Let's dig into the museum samples. As these samples are mostly very poor
quality, we don't filter out failed samples (by any traditional definition
of failed, they all are!). We still weed out the crappier SNPs though (snp
missing threshold of 90%).

In [None]:
pca.museum = snpgdsPCA(gds, sample.id=samp.museum, num.thread=12,
                       autosome.only=F, missing.rate=0.9)
plot(pca.museum)
plot(pca.museum[,1:3])

It appears that the first couple of PCs describe the two mysteriously
successful "museum" samples that deviate from the "cloud" of low coverage
samples, as is normal.
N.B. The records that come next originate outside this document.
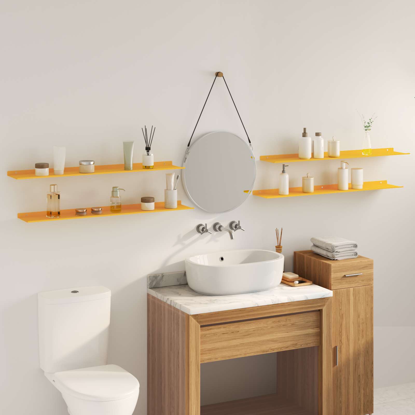 Raft suspendat 4 pcs Galben muștar 100 x 18 x 2,5 cm Oțel GartenMobel Dekor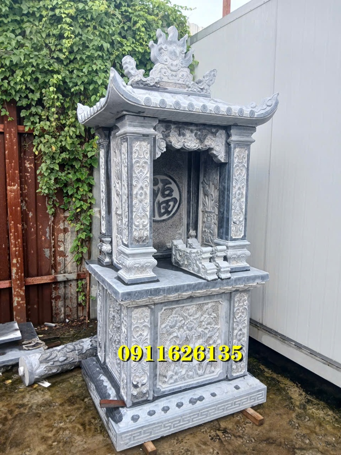 | 147 x 107 x 107 cm | Có mái 2 tầng, cột chạm rồng, đế sen – thường thờ Thần Linh |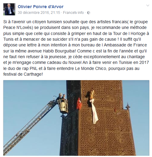 Il ne s'est pas arrêté la puisqu'après avoir déclaré qu'il ne fallait rien refuser à la jeunesse, il a invité les fans tunisiens d'artistes français à déposer une lettre à son attention au bureau de l'ambassade. Une démarche qui, certes peut prendre un peu plus de temps, mais nettement moins dangereuse.
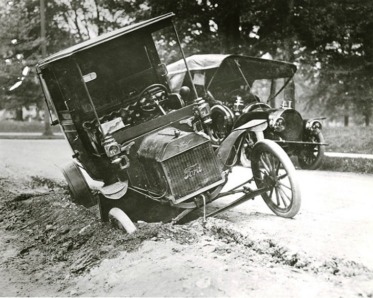 The 1909 Model T Fords were equipped with kerosene parking lamps, horn, tail lamp and headlamp mounting forks as standard equipment. Mud was always an option!

Let's plot the subsequent axes which hopefully "see
past" these two outlier samples.

In [None]:
miss.col.mus = sampmiss[match(pca.museum$sample.id, sampmiss$sample),]$missing_prop %>%
    cut(breaks=5)
plot(pca.museum, 1:3, col=miss.col.mus, pch=19, oma=c(14,4,4,4))
par(xpd=TRUE)
legend("bottom", legend=levels(miss.col.mus), pch=19, col=1:5, ncol=3,
       y.intersp=0.5, x.intersp=0.5, text.width=0.2)
par(xpd=F)
dev.copy(pdf, "out/03_basic_popgen/musuem-samples.pdf", width=12, height=10)
dev.off()

Apparently not. It takes until the ninth and tenth axes before we get past
axes describing single samples' divergences from the pack, and even then it
seems as though the patterns are driven by missing data (or something
correlated to it).

I'm not sure how much more we can do with this dataset.
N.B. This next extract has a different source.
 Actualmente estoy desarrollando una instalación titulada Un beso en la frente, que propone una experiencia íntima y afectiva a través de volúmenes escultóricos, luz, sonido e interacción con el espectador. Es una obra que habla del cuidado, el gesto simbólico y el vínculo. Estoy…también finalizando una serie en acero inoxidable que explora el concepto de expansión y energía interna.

# Fresh sample basic popgen


In [None]:
pca.fresh = snpgdsPCA(gds, num.thread=12, autosome.only=F, missing.rate = .85,
                      sample.id = samp.fresh)

In [None]:
meta.fresh = sampmiss[match(pca.fresh$sample.id, sampmiss$sample),]
morph.col = ifelse(is.na(meta.fresh$Adult_morph), "Chick_unknown_morph",
                   meta.fresh$Adult_morph) %>%
    as.factor()
plot(pca.fresh, 1:3, col=morph.col, pch=19, oma=c(14,4,4,4))
par(xpd=TRUE)
legend("bottom", legend=levels(morph.col), pch=19, ncol=3,
       col=1:length(levels(morph.col)), y.intersp=0.5, x.intersp=0.5,
       text.width=0.2)
par(xpd=F)
dev.copy(pdf, "out/03_basic_popgen/fresh-samples.pdf", width=12, height=10)
dev.off()

So that is promising. There is some clear population structure in there (see
clustering of morphs), but there is also a fairly noisy signal and the first
few axes are dominated by single outlier samples. This is possibly
biological as there are a few individuals from other species in there, but
also likely due to technical artefacts.

We will do subsequent analyses on this sample set in the next notebook.